● WHAT IS REQUIRED
Below are records with pictures; copy word for word only the lines between the line with "如法托钵的清净善业是三宝住世的表显,对世间是一大功德。" and the line with "Contenitore Rotondo in", inclusive, and drop the pictures.

● SUPPLIED DATA
+++++
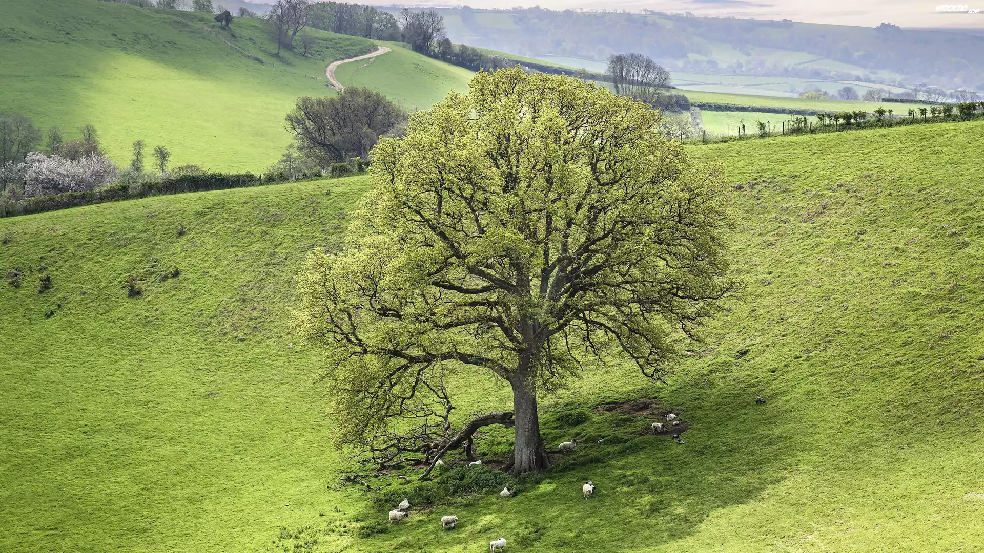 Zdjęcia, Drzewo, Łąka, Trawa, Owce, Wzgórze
+++++
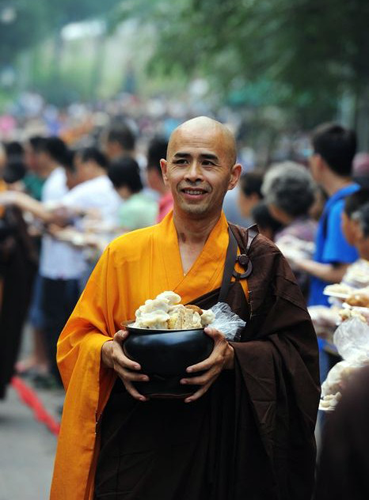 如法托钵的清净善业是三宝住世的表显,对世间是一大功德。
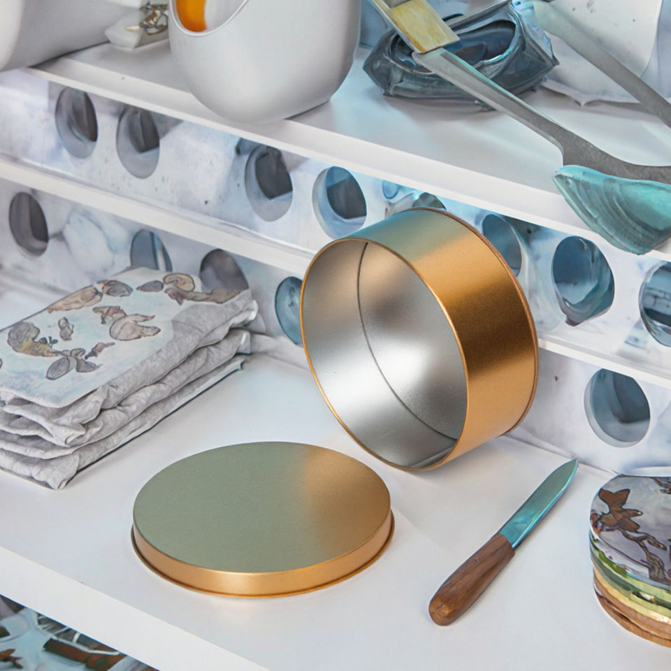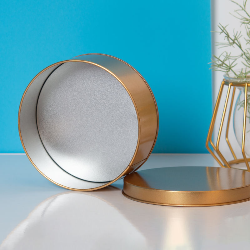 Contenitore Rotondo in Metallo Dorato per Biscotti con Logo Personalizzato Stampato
+++++
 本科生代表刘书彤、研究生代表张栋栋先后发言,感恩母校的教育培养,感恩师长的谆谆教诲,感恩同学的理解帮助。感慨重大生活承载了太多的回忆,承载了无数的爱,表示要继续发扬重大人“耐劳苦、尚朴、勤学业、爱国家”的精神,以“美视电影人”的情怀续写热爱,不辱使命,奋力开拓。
+++++
● RESPONSE
 如法托钵的清净善业是三宝住世的表显,对世间是一大功德。
 Contenitore Rotondo in Metallo Dorato per Biscotti con Logo Personalizzato Stampato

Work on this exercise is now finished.